> **Exercise instructions**:
Exactly reproduce the lines of the listing below from the one containing "خاتم Bypass من" through the one containing "very dark skin, more". Skip the images.

> **Given entries**:
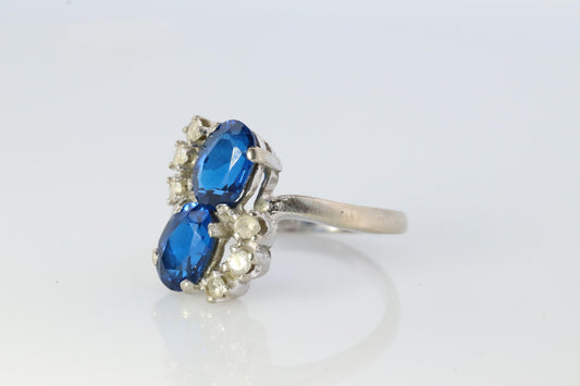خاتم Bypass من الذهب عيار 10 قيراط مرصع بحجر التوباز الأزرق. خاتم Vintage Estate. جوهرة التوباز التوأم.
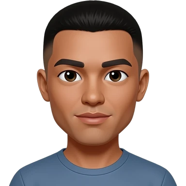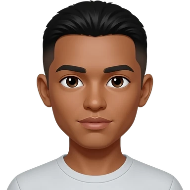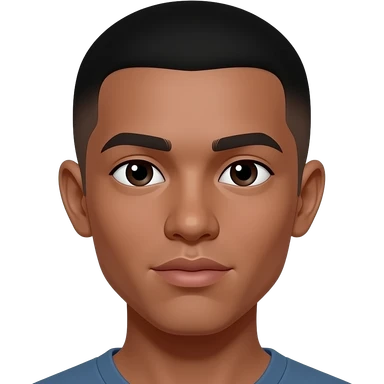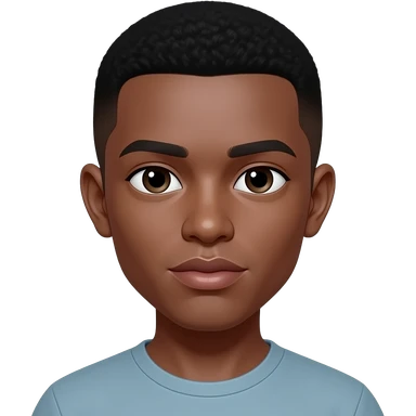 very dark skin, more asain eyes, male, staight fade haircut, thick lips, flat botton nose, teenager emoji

==

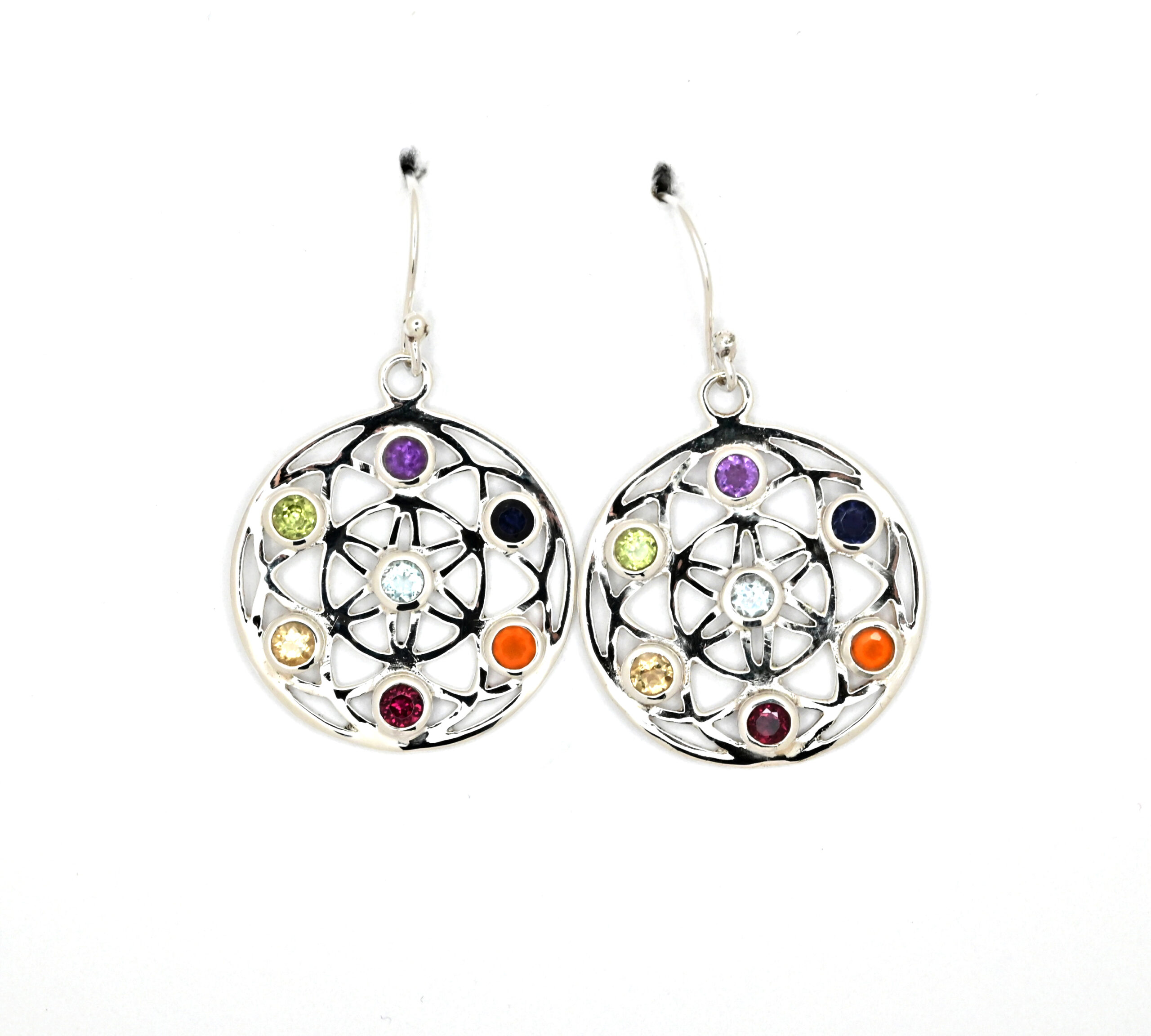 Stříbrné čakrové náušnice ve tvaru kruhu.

---

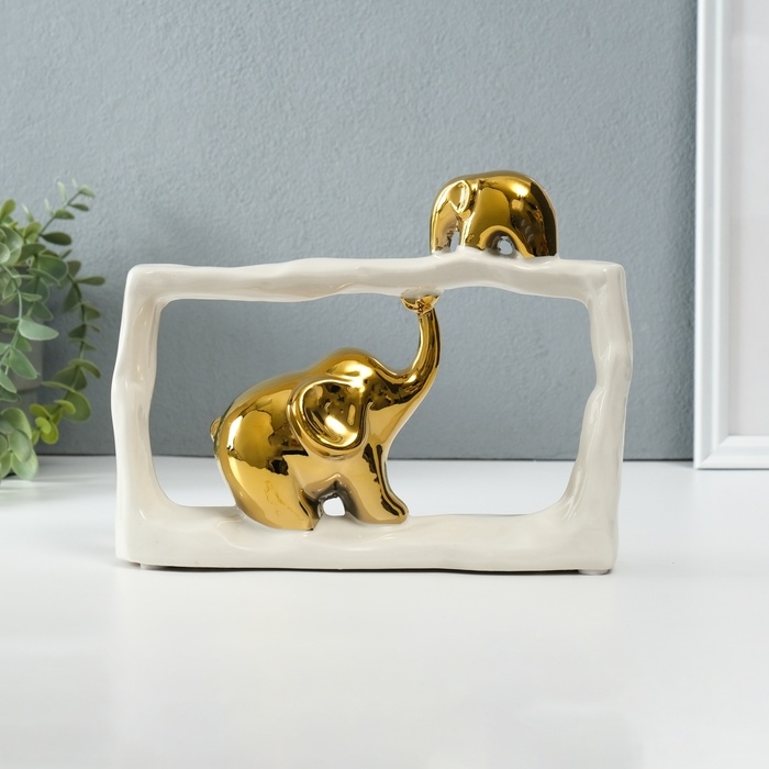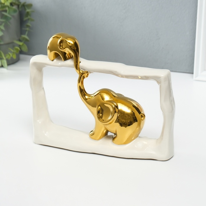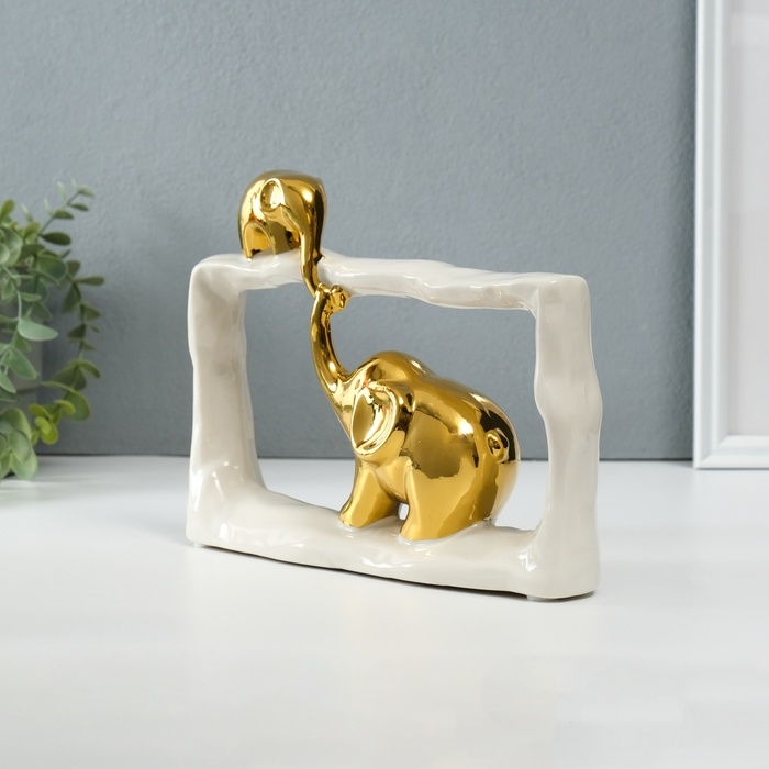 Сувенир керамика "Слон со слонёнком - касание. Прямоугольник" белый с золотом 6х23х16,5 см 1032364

> **Result of the exercise**:
خاتم Bypass من الذهب عيار 10 قيراط مرصع بحجر التوباز الأزرق. خاتم Vintage Estate. جوهرة التوباز التوأم.
 very dark skin, more asain eyes, male, staight fade haircut, thick lips, flat botton nose, teenager emoji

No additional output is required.